Tutorial

How to Create Your First Claude Skill in 15 Minutes

A step-by-step tutorial to create your first Claude Skill from scratch. Includes starter templates, testing tips, and best practices — no coding required.

AgenticSkills TeamFebruary 21, 202615 min read
How to Create Your First
Claude Skill in 15 Minutes

Creating a Claude Skill sounds like it should be complicated. It’s not. A skill is just a Markdown file with instructions. No SDK. No build step. No deployment pipeline. You write a text file, save it in the right folder, and your AI agent immediately gets better at that specific task. Anthropic’s own skill-creator tool has been installed 40,300 times — which tells you there’s HUGE demand for this. This guide gives you a clear starting point. By the end, you’ll have a working skill installed and running — in about 15 minutes.

What You’ll Build

By the end of this tutorial, you'll have a custom SKILL.md file that:

  • Automatically activates when your AI agent detects a relevant task
  • Contains step-by-step instructions your agent follows
  • Includes examples of good and bad output
  • Works across 18+ AI agent platforms (Claude Code, Cursor, Codex, Gemini CLI, and more)

The whole thing is a single file. Typically between 50 and 500 lines of Markdown.

That's it.

Step 1: Pick a Task You Repeat

This is the most important step. Get this right and everything else flows naturally.

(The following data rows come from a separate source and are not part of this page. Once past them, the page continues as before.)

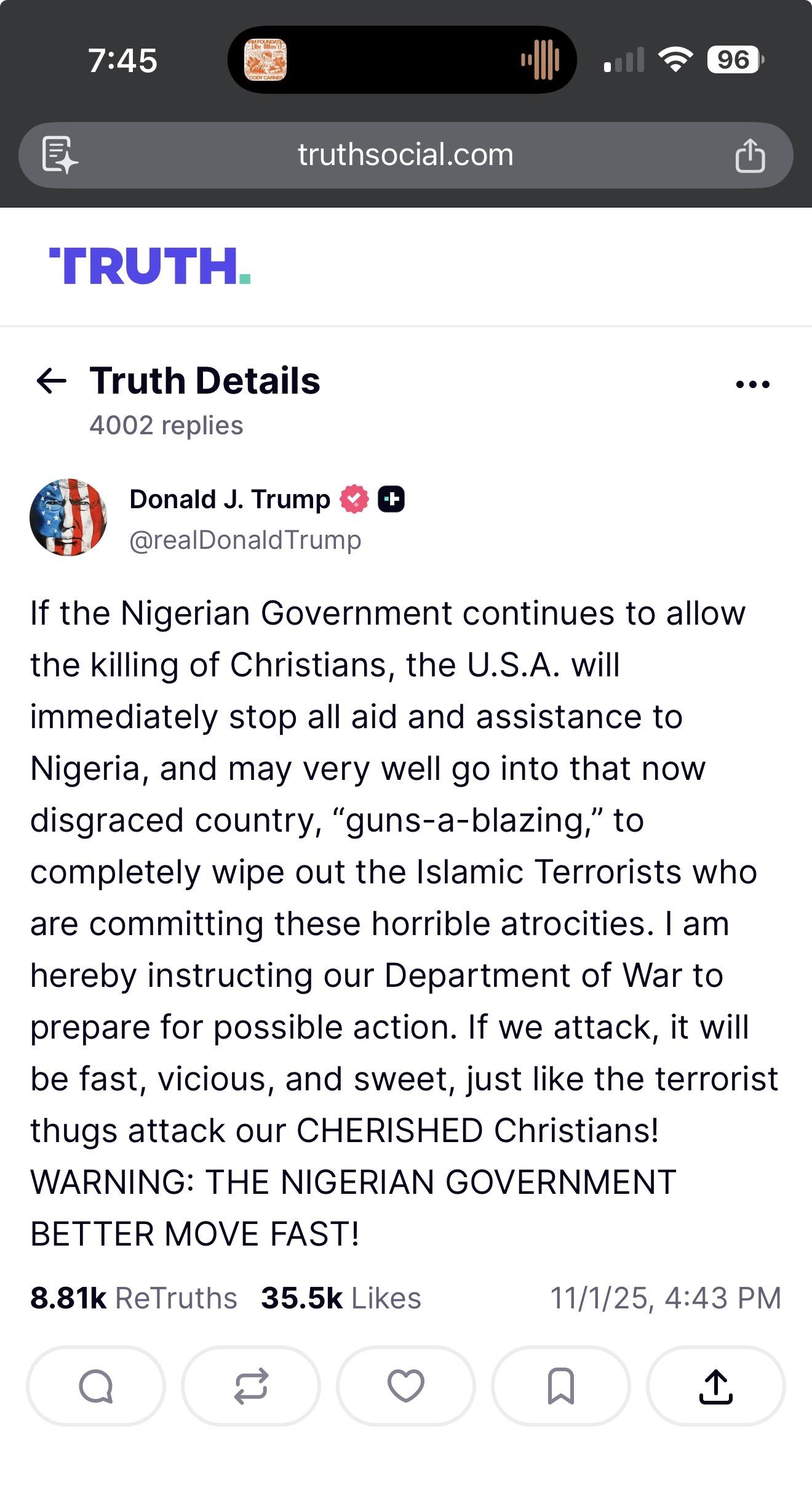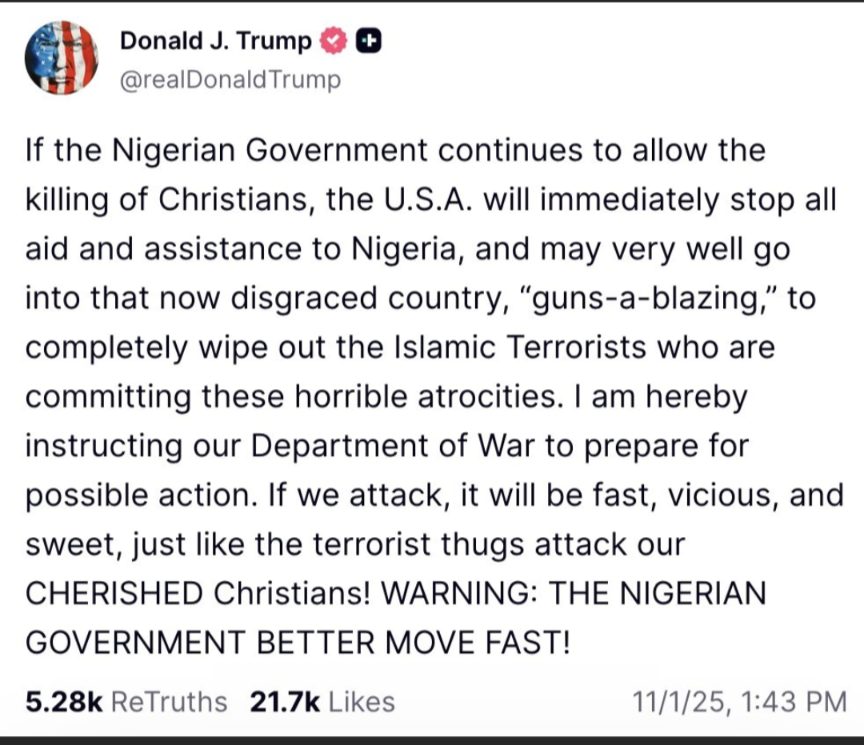 👉🏾 #Trump threatens to attack Nigeria 🇳🇬 https://truthsocial.com/@realDonaldTrump/115476385101120405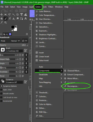 4. In the menu bar, go to "Colors -> Components -> Decompose". This is going to create and open a new version of your file, with all the channels separated into individual layers.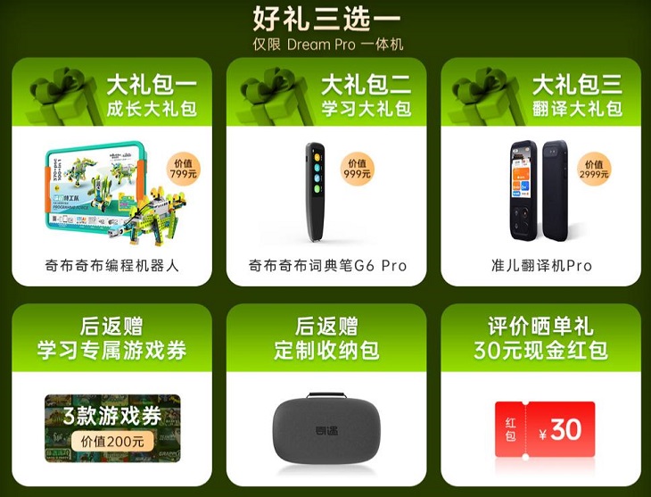 針對不同學齡的學生黨的學習和娛樂所需,奇遇VR為9歲以下(小學及以下)學齡段人群贈送價值799元的“成長大禮包”,包含奇布奇布編程機器人一臺、奇遇收納包一個及專屬游戲券200元;10歲-15歲(小學&初衷)學齡者為價值999元的“學習大禮包”,包含奇布奇布詞典筆G6 Pro一個、奇遇收納包一個及專屬游戲券200元;16歲以上(高中及以上)學齡贈送價值2999元“翻譯大禮包”,包含翻譯機一臺、奇遇收納包一個及專屬游戲券200元。

Ask yourself: What task do I keep asking my AI agent to do — and keep having to correct the output?

Maybe you:

  • Write API documentation in a specific format your team uses
  • Generate SQL queries that follow your company's naming conventions
  • Create commit messages in a particular style
  • Draft emails with a specific tone and structure
  • Build React components following your team's patterns

The best tasks for a first skill share three traits:

Repeatable. You do it at least a few times per week.

Correctable. You know exactly what "good" looks like — and you can spot when it's wrong.

Specific. It's a defined task, not a vague capability.

Here's the deal:

You don't need to pick something complicated. The simplest skills are often the most useful. "Always use our company's SQL naming conventions" is a perfectly good first skill.

Pro Tip: Look at your last 20 conversations with your AI agent. What did you correct most often? That's your first skill.

Step 2: Create the SKILL.md File

Every skill lives in a single file called SKILL.md.

Create it anywhere on your machine. We'll move it to the right location in Step 7.

The file has two parts:

Part 1: YAML Frontmatter

This is the metadata at the very top of the file, wrapped in triple dashes:

---
name: my-first-skill
description: "A brief description of what this skill does and when to use it"
---

That's the entire metadata section. Two fields.

  • name: A short identifier. Lowercase, hyphens instead of spaces.
  • description: A one-to-three sentence explanation of what the skill does and when it should activate.

Part 2: Instructions

Everything below the frontmatter is the actual content — the instructions, examples, and rules your AI agent will follow.

Here's the simplest possible SKILL.md structure:

---
name: my-first-skill
description: "Brief description of when to trigger this skill"
---

# My First Skill

## When to Use This Skill
[Explain when this skill should activate]

## Instructions
[Step-by-step directions]

## Examples
[Show good and bad output]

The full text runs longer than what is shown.